As a first measure I would like to ask you to set "winbind enum users" and "winbind enum groups" to no. For a pure squid proxy helper I don't really see why you would need that. Then, can you please somehow install debugging symbols so that we get the line number of the crash? And, using it for a proxy you might have more than one proxy and you might be able to run one of them with severely degraded performance, namely under valgrind --tool=memcheck. This would help tremendously finding that crash. Alternatively, having a debug level 10 log leading to that crash would also greatly help, although this also degrades performance significantly. Thanks, Volker
Firstly, I have switched off user/group enumeration. Not sure if this is related to the crash, however. After about 60 seconds of normal operation, the winbindd daemon starts chewing 100% CPU. I started winbindd with -d 10 debugging enabled see the attached log files for details. Dan...
Created attachment 4169 [details] winbind debug logs winbind debug logs
Hmmm. What I would need is the logfile *before* a crash, not after. And, how many ntlm_auth processes do you have beating winbind? Is there a way to reduce that number to something way below 200? There's no point in having so many ntlm_auth processes waiting, it must all go through a single winbind child process anyway. Volker
Those debug logs show what happens before and after the winbindd process starts chewing 100% CPU, not related to the crash as such, which I have not managed to re-create yet. I was just curious if you could spot anything in them that would indicate why winbindd started chewing 100% CPU. Also, I only have 50 ntlm_auth processes running, so why it's showing 200+ client connections I have no idea, this tells me there's something strange going on.

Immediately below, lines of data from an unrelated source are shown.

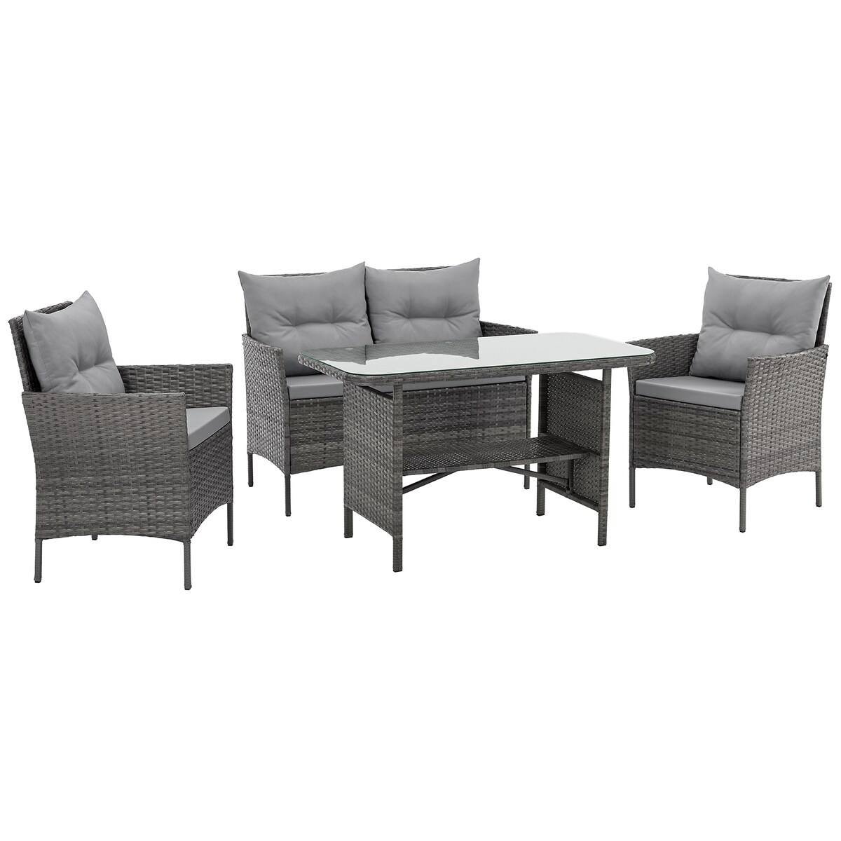 Gartenmöbel Set 4-teilig Polyrattan Lounge-Set mit Zweisitzer 2 Sessel Tisch Tiefem Sitz Dicke Kissen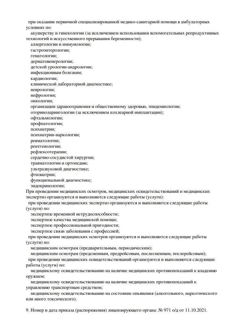 Медицинский центр Союзмед в Кудрово специализируется на профессиональных осмотрах. Приём ведут врачи следующих специальностей: гинекология, эндокринология, неврология и фтизиатрия. В центре Союзмед можно пройти медкомиссию на получение справки для госслужбы, работы с гостайной. Производится оформление справки в лагерь, а также санитарно-курортной карты. Можно пройти медкомиссию для водительского удостоверения, в том числе на управление тракторами, самоходными машинами и маломерными судами. Прием проводится по предварительной записи.
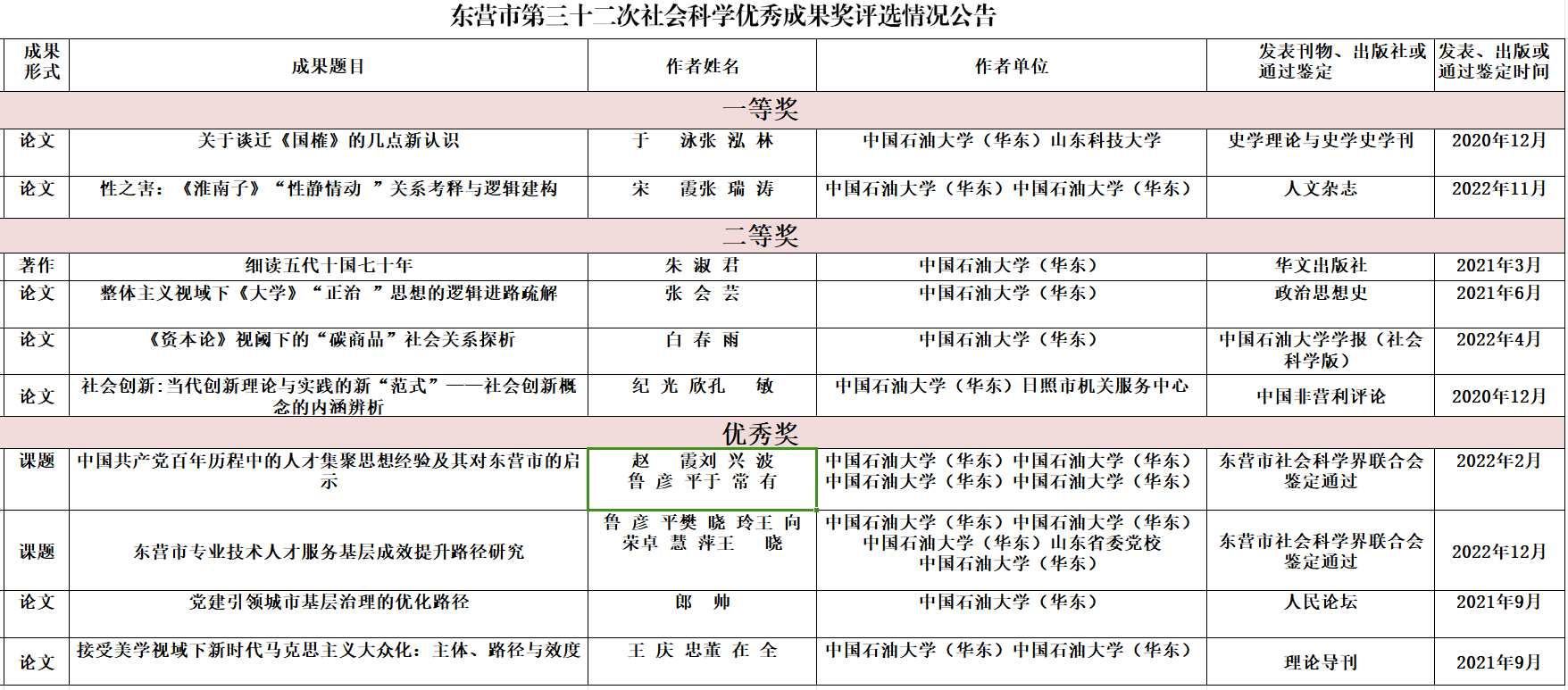 本次评奖工作首次委托省外第三方智库进行,经过科学严谨的评审,共有240项成果获得东营市第三十二次社会科学优秀成果奖,其中:一等奖20项、二等奖40项、三等奖80项、优秀奖100项。太阳成集团共有20余项作品获奖。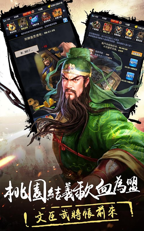 三國志武將悉數登場,多種“大老二”屬性,升級招募武將,三國遊戲,提高武將技更有將領進階一系列武將掛機升級系統為您征戰沙場加油助力,頂級武將為您出謀征戰,輕易奪取勝利!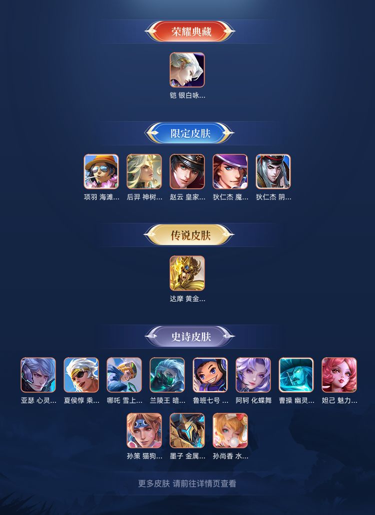 【V10 487皮】无双妲己【三国服李元芳】【V11 500P】打野50段【九万战韩信澜曜】【7天幕9星传12典藏】禁言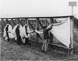 Tenterhooks are hooks in a device called a tenter. Tenters were originally large wooden frames which were used as far back as the 14th century in the process of making woolen cloth. After a piece of cloth was woven, it still contained oil from the fleece and some dirt. A craftsman called a fuller (also called a tucker or wa[u]lker) cleaned the woolen cloth in a fulling mill, and then had to dry it carefully or the woolen fabric would shrink. To prevent this shrinkage, the fuller would place the wet cloth on a tenter, and leave it to dry outdoors. The lengths of wet cloth were stretched on the tenter (from Latin tendere, meaning ‘to stretch’) using tenterhooks (hooked nails driven through the wood) all around the perimeter of the frame to which the cloth’s edges (selvedges) were fixed, so that as it dried the cloth would retain its shape and size. In some manufacturing areas, entire tenter-fields, larger open spaces full of tenters, were once common.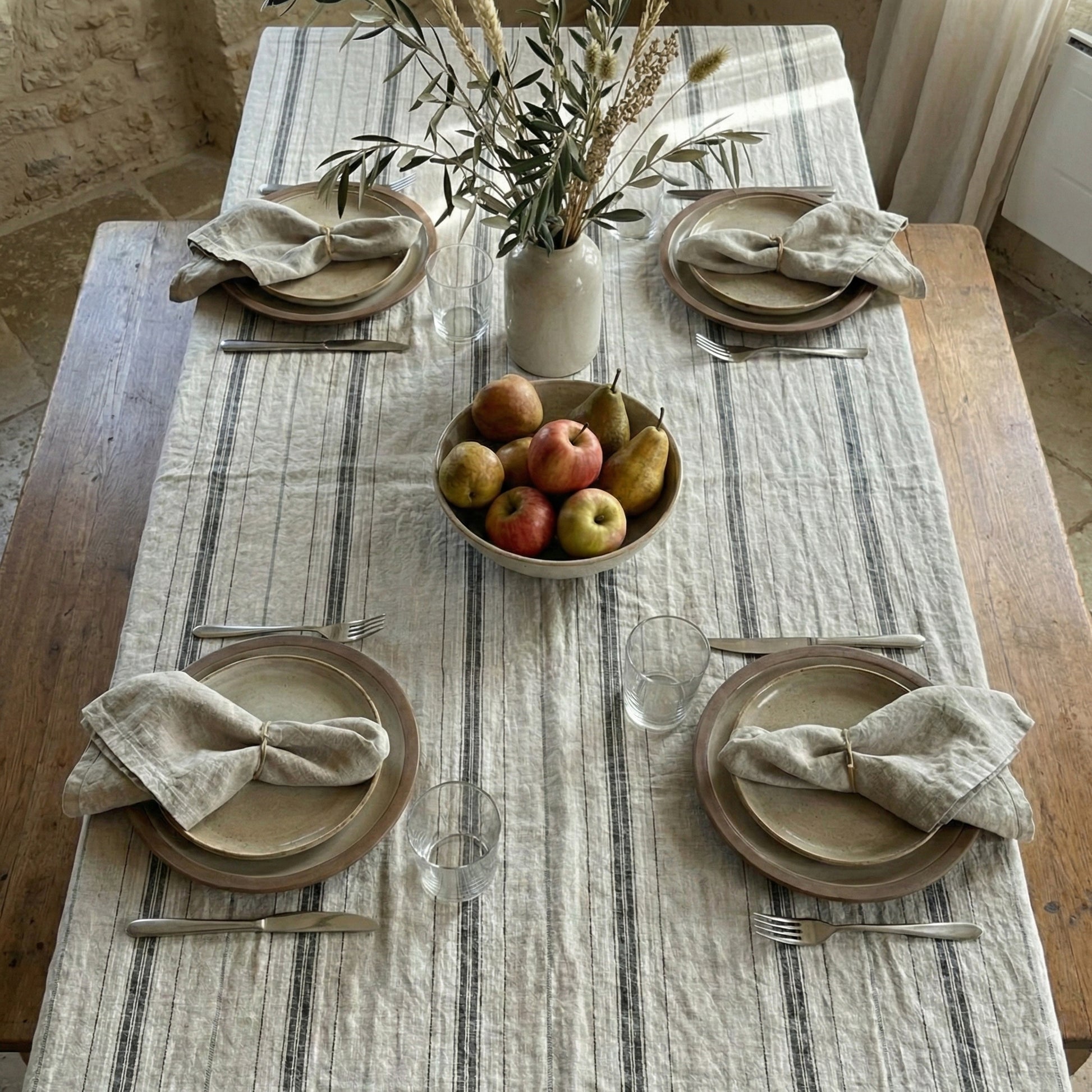 Washed linen tablecloth 240gr/m2, combining 3 colors; Black, natural and white. Made with a soft and warm linen, very easy to combine! Don't forget thatwe can make any size. You can combine it with the black stripes or Marrakech napkins. Add the muletón to protect your table and give body and flight to the tablecloth.

Please reduce those 50 to something like 10 or so. There is just no point in feeding more to an already overloaded winbind. In the future we will have winbind connect to more than one DC or with more than one connection to a single DC, but until then I would even say more than 5 ntlm_auth processes won't gain you anything. This does not solve the crash, which we have to diagnose separately, but it might be a workaround for you at this moment. Volker
Created attachment 4197 [details] patch for a race condition I've tried to reproduce your crash. I've come across a different race condition that in my case lead to a different panic. But as it also happened when I artificially created an overload situation, I would not be entirely surprised if it also fixes your crash. Can you give it a try? Thanks a lot, Volker
Any info here? Is this fixed for you? Volker
Apologies, I have not had the chance to test this. We've moved to basic kerberos auth instead, and have another solution in the pipeline to completely avoid explicit user auth all together. Many thanks for your assistance.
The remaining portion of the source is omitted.